Ask questions, and be ready to listen

“I don’t know anything about that” is not an excuse or the end of the conversation, use it as an opportunity to learn. Learning about menstruation takes away misconceptions about menstruation. Here are examples of common misconceptions men have about periods and what is actually true.

Ditch the misconceptions

Misconception: All women have their menstruation on the 28th day of every month.

Reality: Menstrual cycles vary considerably, ranging from 21-35 days for different women, and a menstrual cycle does not automatically start on the 1st day of every month.

Misconception: You can hold a period in. 

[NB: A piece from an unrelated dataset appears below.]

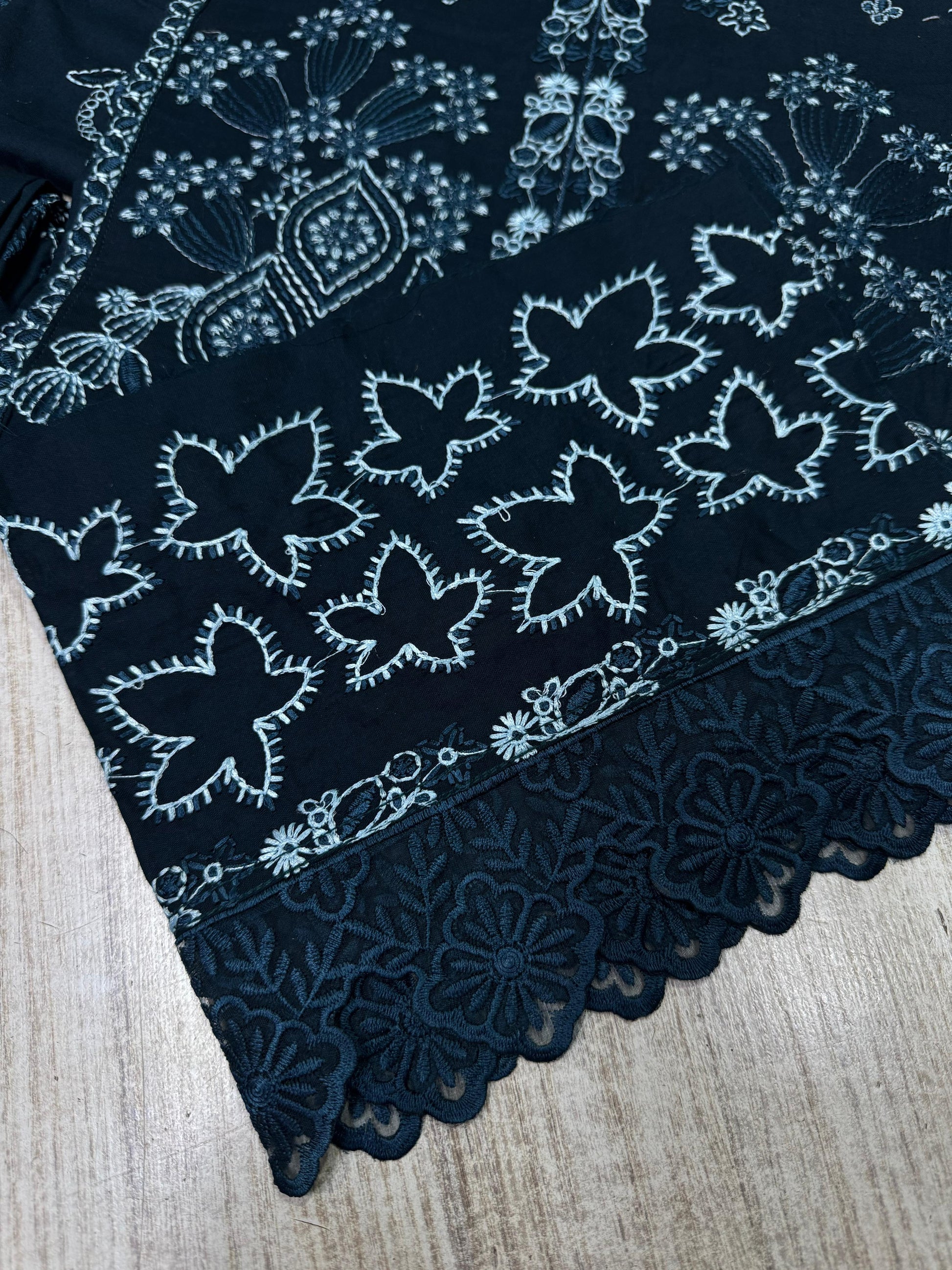 Thread Embroidered Cambric Cotton Back Border

Reality: Menstrual fluid flow is an involuntary blood flow from the uterus through the vagina, unlike urine from the bladder, which can be controlled by sphincter muscles.

Misconception: Tampon/pad sizes relate to vagina size

Reality: Tampon/pad sizes indicate levels of absorbency and not fit size. Some people have heavier flows than others, and most experience varying flow intensity throughout their cycle.

Misconception: Period cramps aren’t that painful/Period pain is psychological

Reality: Cramps feel like throbbing/shooting pains or a constant ache ranging from mild discomfort to debilitating pain. For severe period cramps cases medical advice is necessary.

Misconception: It’s okay to ask someone if they’re on their period whenever they seem upset

Reality: This question typically implies that someone’s feelings are irrational or invalid due to hormones which is dismissive and therefore inappropriate to ask.

Think beyond cramps and cravings

Being period-friendly is not just about helping out with cramps and buying snacks for cravings (though those are great!). It is about dismantling the stigma that has surrounded menstruation for centuries, correcting harmful ideas, and showing that you are willing to be part of a more respectful and supportive culture. 

When you as a father are comfortable buying pads for your daughter at a local store, you’re building a period-friendly world. When you as a brother stop crude period jokes, you’re building a period-friendly world. When you as a husband or partner create a safe and supportive environment for the woman you love, you’re building a period-friendly world, and when you as a man educate yourself and others about menstrual health you’re building a period-friendly world.